映画ライター・福本ジローによる、ハリウッドの大作から日本映画の小品までスポットを当てる新作映画専門批評サイト。

ワン チャンス

otello2014-01-18

ワン チャンス ONE CHANCE

監督 デイヴィッド・フランケル
出演 ジェームズ・コーデン/ジュリー・ウォルターズ/コルム・ミーニイ/アレクサンドラ・ローチ
ナンバー 10
批評 ネタばれ注意! 結末に触れています

デブでのろまないじめられっ子、でも歌には自信がある。人前に出るとガチガチに緊張するけれど、その声は聴衆の心をつかんで離さない。にもかかわらず大切な時に失敗したり不運に見舞われたり、幸運の女神はなかなか彼に微笑まない。物語はオペラ歌手を目指す青年が、数々の試練を乗り越えて夢を叶えるまでを描く。目の前に道が開けているのに躊躇してしまう、そんなとき背中を押してくれるのは友人や家族といった身近な存在。誰しも一人では生きていけない、つらい時、苦しい時に支えてもらえる人がいるからこそ、人生は豊かになるとこの作品は訴える。

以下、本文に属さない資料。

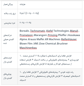 پیشبینی میشود که صنعت جهانی ماشینآلات ساخت تایر به طور قابل توجهی رشد کند و برآوردها نشان میدهد که ارزش بازار تا سال ۲۰۳۵ نرخ رشد مرکب سالانه پیشبینیشده ۴.۵۹ درصدی را نشان دهد که مبین چشمانداز قوی بازار ناشی از نوآوریهای مداوم و گسترش قابلیتهای تولید است. با تطبیق صنعت با تغییر ترجیحات مصرفکننده و الزامات نظارتی، بازار برای رشد پایدار آماده است و فرصتهایی را برای ذینفعان در سراسر زنجیره ارزش ارائه میدهد.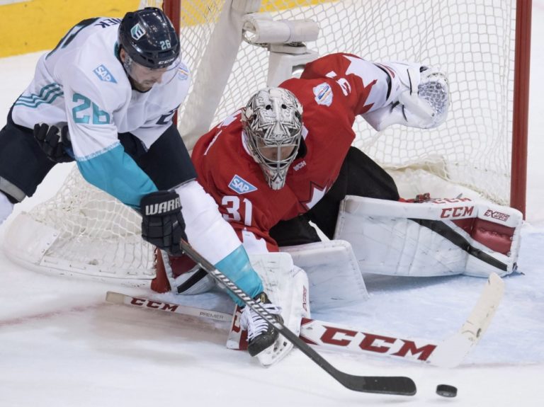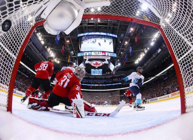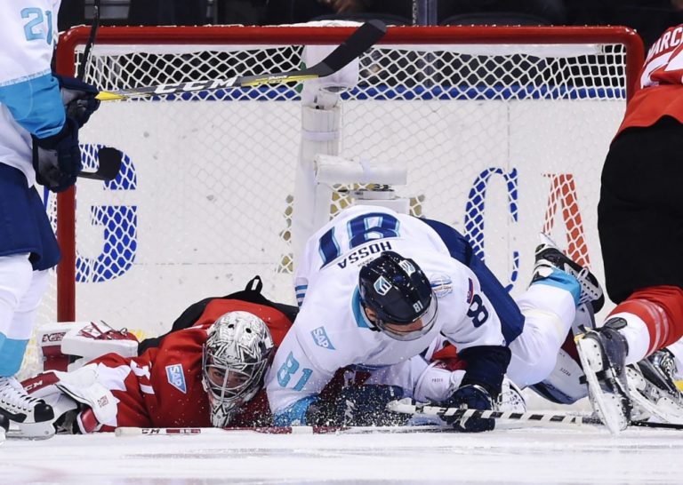 Kanadský brankár Corey Price a útočník výberu Európy Marián Hossa počas prvého finálového zápasu Svetového pohára. Toronto, 27. september 2016. Foto: Nathan Denette/The Canadian Press via AP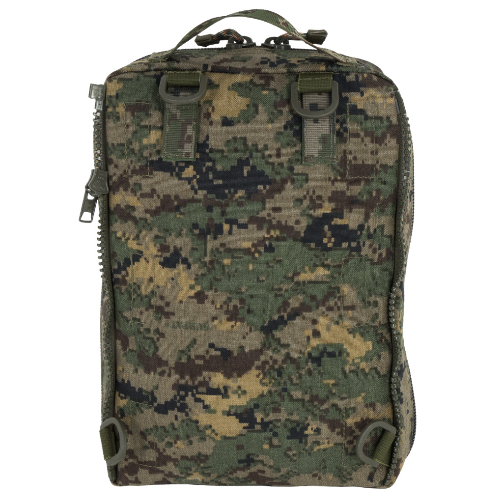 Ранец содержит три больших съемных кармана, два маленьких съемных кармана, съемный органайзер, съемные лямки. Внутри есть два ряда крепления для жгутов и ИПП, два кармана на молнии для оборудования типа шин. Дополнительно можно купить грудную стяжку и ZIP адаптеры для расширения возможностей использования ранца. При помощи ZIP адаптера можно так же прикрепить ранец к жилету или еще один ранец к внешней панели с MOLLE или прикрепить небольшие аптечки, чехол для ножниц и т д.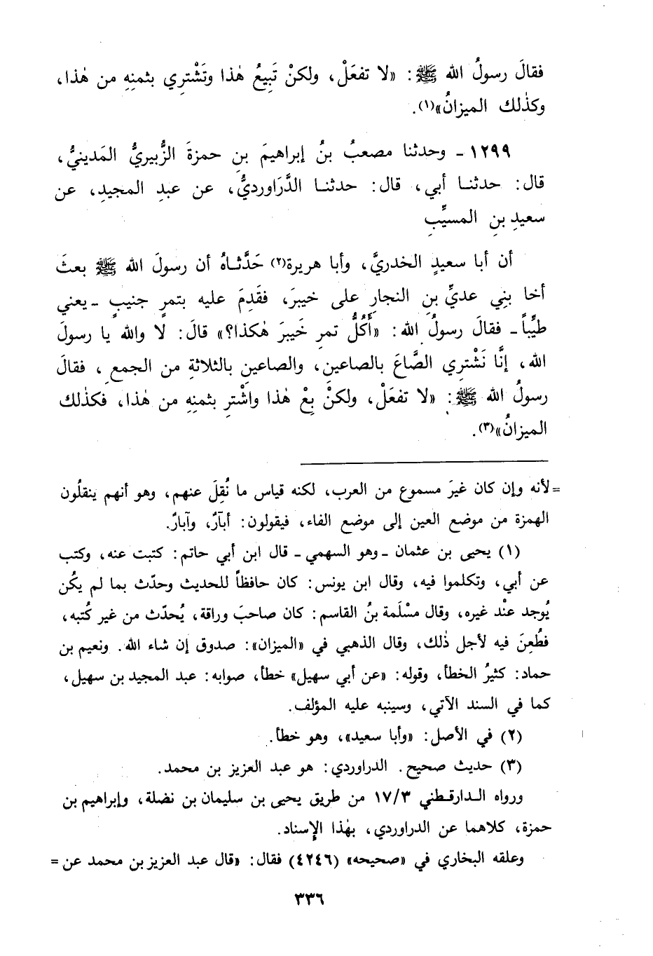 1299 - وَحَدَّثَنَا مُصْعَبُ بْنُ إِبْرَاهِيمَ بْنِ حَمْزَةَ الزُّبَيْرِيُّ الْمَدِينِيُّ، قَالَ: حَدَّثَنَا أَبِي، قَالَ: حَدَّثَنَا الدَّرَاوَرْدِيُّ، عَنْ عَبْدِ الْمَجِيدِ، عَنْ سَعِيدِ بْنِ الْمُسَيِّبِ، أَنَّ أَبَا سَعِيدٍ الْخُدْرِيِّ، وَأَبَا هُرَيْرَةَ حَدَّثَاهُ أَنَّ رَسُولَ اللهِ صَلَّى اللَّهُ عَلَيْهِ وَسَلَّمَ بَعَثَ أَخَا بَنِي عَدِيِّ بْنِ النَّجَّارِ عَلَى خَيْبَرَ فَقَدِمَ عَلَيْهِ بِتَمْرٍ جَنِيبٍ يَعْنِي: طَيِّبًا، فَقَالَ رَسُولُ اللهِ صَلَّى اللَّهُ عَلَيْهِ وَسَلَّمَ: " أَكُلُّ تَمْرِ خَيْبَرَ هَكَذَا؟ " قَالَ: لَا وَاللهِ يَا رَسُولَ اللهِ إِنَّا نَشْتَرِي الصَّاعَ بِالصَّاعَيْنِ، وَالصَّاعَيْنِ بِالثَّلَاثَةِ مِنَ الْجَمْعِ، فَقَالَ رَسُولُ اللهِ صَلَّى اللَّهُ عَلَيْهِ وَسَلَّمَ: " لَا تَفْعَلْ وَلَكِنْ بِعْ هَذَا وَاشْتَرِ بِثَمَنِهِ مِنْ هَذَا، فَكَذَلِكَ الْمِيزَانُ " -[337]-

オペラおたくのポールはいつしかステージに立ちたいと願っているが、ケータイショップのバイトに甘んじる日々。ある日、恋人のジュルスと店長のブラドンに促され素人コンテストに出場、優勝賞金を得てベニスのオペラ専門学校に短期留学する。

世界中から集まったプロ志望の学生の中でポールは実力を認められ、美しいクラスメート・アレッサンドラとのデュエットの練習に勤しむ。石造りの古い建物と縦横に流れる運河を行き交うゴンドラといったオペラの舞台と変わらぬたたずまいのベニス、そこでのロケが非常に官能的だ。数多の若者が胸にあふれる情熱を吐露し、ある時は成功者の歓喜を、ある時は失意の嘆きを聞いてきたであろう歴史的な街並みがプッチーニの名曲とシンクロし、映画の魅力を増幅させていた。

◆ネタばれ注意! 以下 結末に触れています◆

しかし、パバロッティに酷評され帰国したポールは、ジュルスとの仲も壊れたまま望まぬ暮らしに身を浸す。それでも彼女に自分の気持ちを伝えるときにラブソングを放吟するなど、歌を捨てきれない。結婚後もたびたびのチャンスをことごとく急病や事故でフイにするポール。そのたびにジュルスやブラドン、両親に励まされ再起を図る。だが、やはり最後は本人がどれだけ熱い思いを抱いているかにかかってくる。そのあたりを肩肘張った根性モノにせず、コミカルに処理したところがに好感が持てた。